**TASK OBJECTIVE:** The listing below is to be duplicated exactly, with every picture omitted.

### EXTRACTED ENTRIES

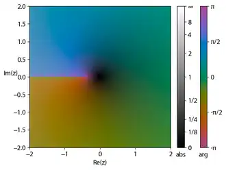 The range plot above also delineates the regions in the complex plane where the simple inverse relationship is true. implies that there exists an such that , where depends upon the value of . The value of the integer changes abruptly when is at the branch cut of , which means that ≤ 0, except for where it is ≤ −1/.
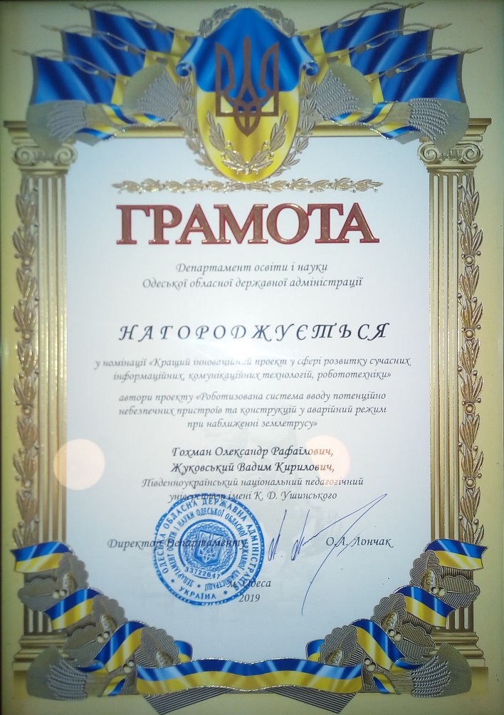 У номінації «Кращий інноваційний проект у сфері розвитку сучасних інформаційних, комунікаційних технологій, робототехніки» переможцями стали викладачі фізико-математичного факультету Університету Ушинського: професор, завідувач кафедри фізики Гохман Олександр Рафаїлович і доцент кафедри фізики Жуковський Вадим Кирилович як автори проекту «Роботизована система вводу потенційно небезпечних пристроїв та конструкцій у аварійний режим при наближенні землетрусу».
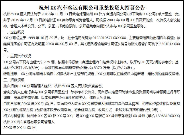 杭州XX汽車客運(yùn)有限公司重整投資人招募公告
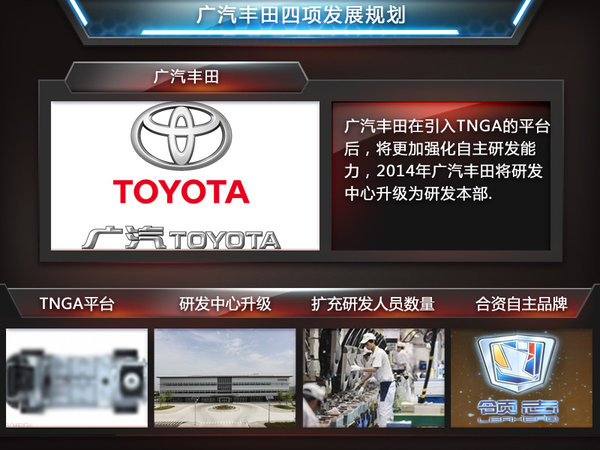 在加强中小型车的同时,广汽丰田未来将推出更多混合动力车型,未来将逐步实现主流细分市场的全覆盖,2015年广汽丰田将推出、中级车的混合动力版产品——雷凌。
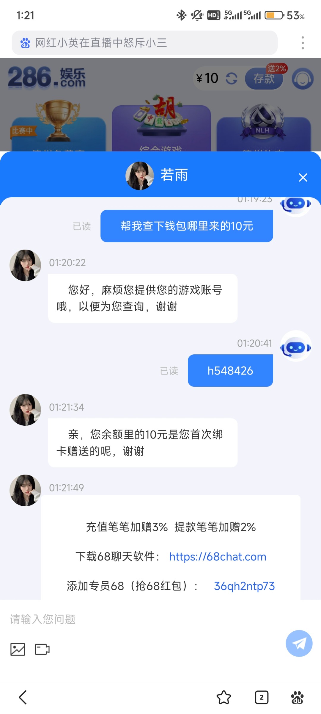 老哥们我是注册52天 今天才登陆看见有10 有就有没有也别中储我
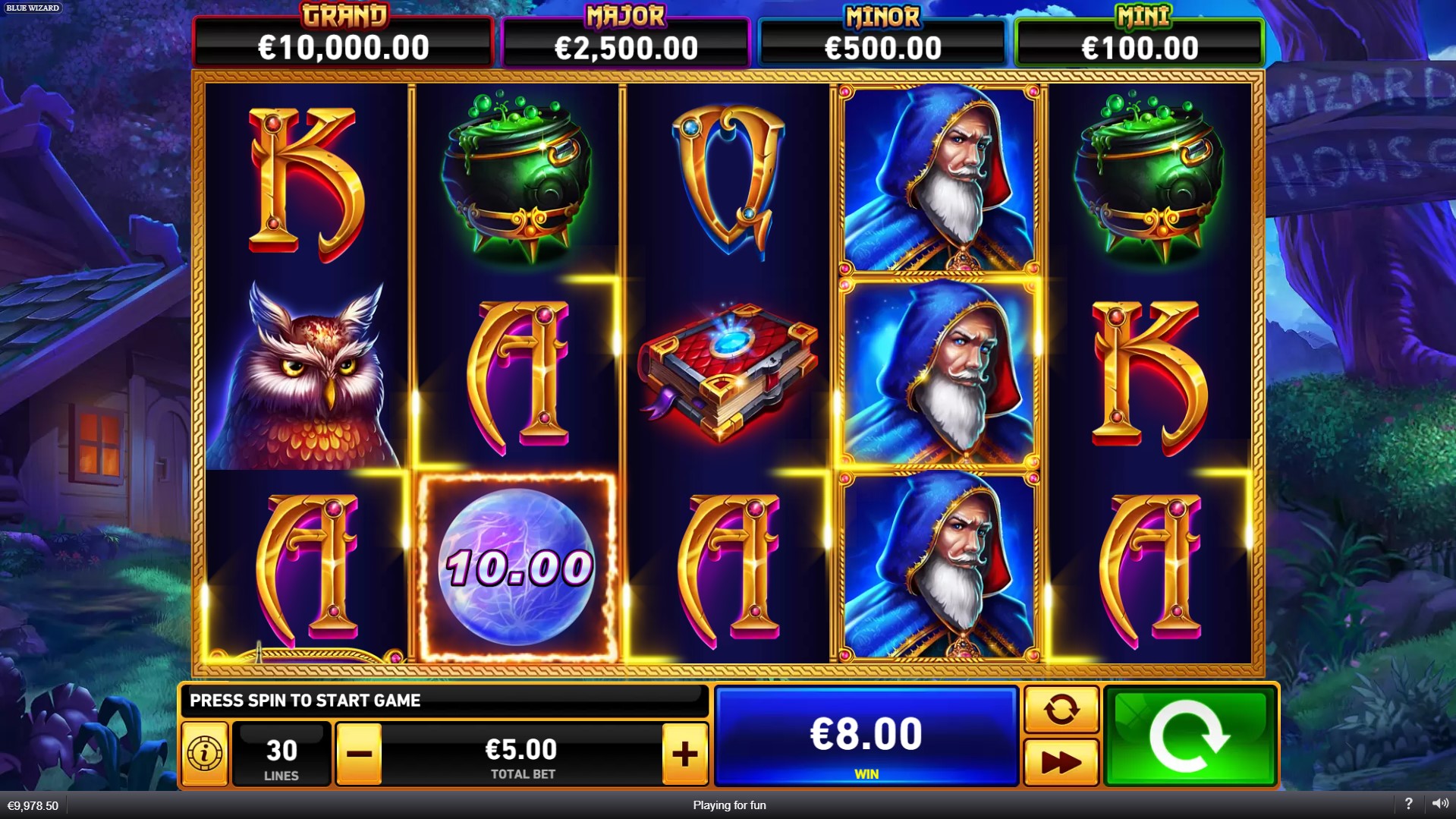Blue Wizard Online Video Slot is a 5 reel with 30 paylines video slot powered by Playtech. The slot is based on a magical wizard set outside the wizard’s house. The slot comes with the Fire Blaze respins and jackpots where you can win one of the 4 jackpots. There is also the free spins feature where you can benefit from the multipliers of up to 16x. The slot can be played from mobile devices.

######

**SOLUTION TO THE PROBLEM:**
 The range plot above also delineates the regions in the complex plane where the simple inverse relationship is true. implies that there exists an such that , where depends upon the value of . The value of the integer changes abruptly when is at the branch cut of , which means that ≤ 0, except for where it is ≤ −1/.
 У номінації «Кращий інноваційний проект у сфері розвитку сучасних інформаційних, комунікаційних технологій, робототехніки» переможцями стали викладачі фізико-математичного факультету Університету Ушинського: професор, завідувач кафедри фізики Гохман Олександр Рафаїлович і доцент кафедри фізики Жуковський Вадим Кирилович як автори проекту «Роботизована система вводу потенційно небезпечних пристроїв та конструкцій у аварійний режим при наближенні землетрусу».
 杭州XX汽車客運(yùn)有限公司重整投資人招募公告
 在加强中小型车的同时,广汽丰田未来将推出更多混合动力车型,未来将逐步实现主流细分市场的全覆盖,2015年广汽丰田将推出、中级车的混合动力版产品——雷凌。
 老哥们我是注册52天 今天才登陆看见有10 有就有没有也别中储我
Blue Wizard Online Video Slot is a 5 reel with 30 paylines video slot powered by Playtech. The slot is based on a magical wizard set outside the wizard’s house. The slot comes with the Fire Blaze respins and jackpots where you can win one of the 4 jackpots. There is also the free spins feature where you can benefit from the multipliers of up to 16x. The slot can be played from mobile devices.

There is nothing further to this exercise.